= Pavel Yegorov =

Russia military leader

Pavel Vasilievich Yegorov (1889 – 1965) was a Russian military leader during the war with Ukraine and the forces of Denikin.

== Life and career ==
He was born in 1889 to a peasant family.

Yegorov graduated from a military college in Lyon, France, in 1915.

In 1917 he joined the Bolsheviks and became a member of Moscow Red Guards. In December 1917 Yegorov led his Red Guards to Ukraine along with the Antonov's expeditionary task force to fight against counter-revolutionary forces. He played a key role in capturing Yekaterinoslav (Modern day Dnipro, Ukraine) during the Yekaterinoslav Bolshevik Uprising and defeat of the Doroshenko Simferopol Regiment.

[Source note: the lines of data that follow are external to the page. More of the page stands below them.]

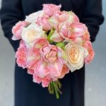 Гвоздики, Лизиантусы, Розы, Тюльпаны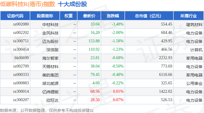 低碳科技R(港币)(483161)指数十大成份股详情如下:
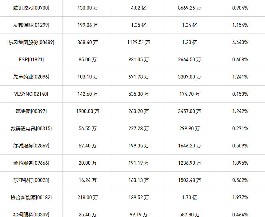 10月11日港股回购概况:新鸿基公司(00086)、摩比发展(00947)、天福(06868)、金科服务(09666)、腾讯控股(00700)、亿胜生物科技(01061)、希玛眼科(03309)、首佳科技(00103)、清科创业(01945)、科联系统(00046)、亿都(国际控股)(00259)、民银资本(01141)、友邦保险(01299)、创胜集团-B(06628)、东亚银行(00023)、现代牙科(03600)、嬴集团(00397)、中国旺旺(00151)、复星国际(00656)、旭日企业(00393)、歌礼制药-B(01672)、赛晶科技(00580)、ESR(01821)、小米集团-W(01810)、汇量科技(01860)、VESYNC(02148)、协合新能源(00182)、康圣环球(09960)于2023年10月9日进行了回购。其中,回购金额最大的为腾讯控股(00700),回购数量131.00 万,回购金额4.02 亿元。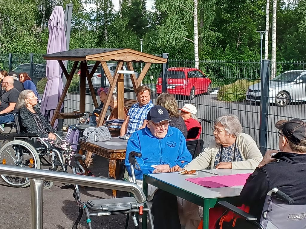 Vietimme 19.6. kesäiset grillijuhlat. Tarjolla oli makkaraa sekä pullakahvit. Sääkin suosi meitä, vaikka sadepilviä olikin uhkaavasti ajoittain näkyvissä. Omaisia ja läheisiä pääsi suuri joukko paikalle ja koko piha oli täynnä mukavaa puheen sorinaa.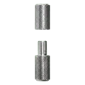 Sarana koostuu kahdesta elementistä — holkista (yläosa pesällä) sekä tapista sylinterillä (alaosa kiertyvälla tapilla). Vierinty profiili takaa molempien osien tarkan istuvuuden, mikä johtaa minimaalisiin väleihin ja saranan hiljaiseen toimintaan. Teräsinen pinta mahdollistaa lisäkorroosiosuojauksen — maalauksen tai sinkkauksen — käyttöolosuhteiden mukaan.

In the beginning of 1918 his detachment was expanded to become the 1st Revolutionary Army. In March and April of 1918 Yegorov headed troops of the Russian Southern Front and later - the Vladikavkaz Military District. From summer of 1918 to spring of 1919 he was placed in charge of forces in combat area around Vladikavkaz to block off movement of the Denikin's troops.

In summer of 1919, Yegorov led the Poltava task force against the mutinied 6th Ukrainian Soviet Division of Nykyfor Hryhoriv and the Denikin's army. Later he commanded a brigade of the 34th Rifle Division in defense of Tsaritsyn and liberation of Sochi. In the fall of 1920 Yegorov was in charge of the 26th brigade of 9th Rifle Division that fought Wrangel troops in the Taurida Governorate.

In 1921 Yegorov moved to the Far Eastern Republic. In 1941-45 he participated in World War II.

Following the second world war, he lived in Sochi where he died in 1965.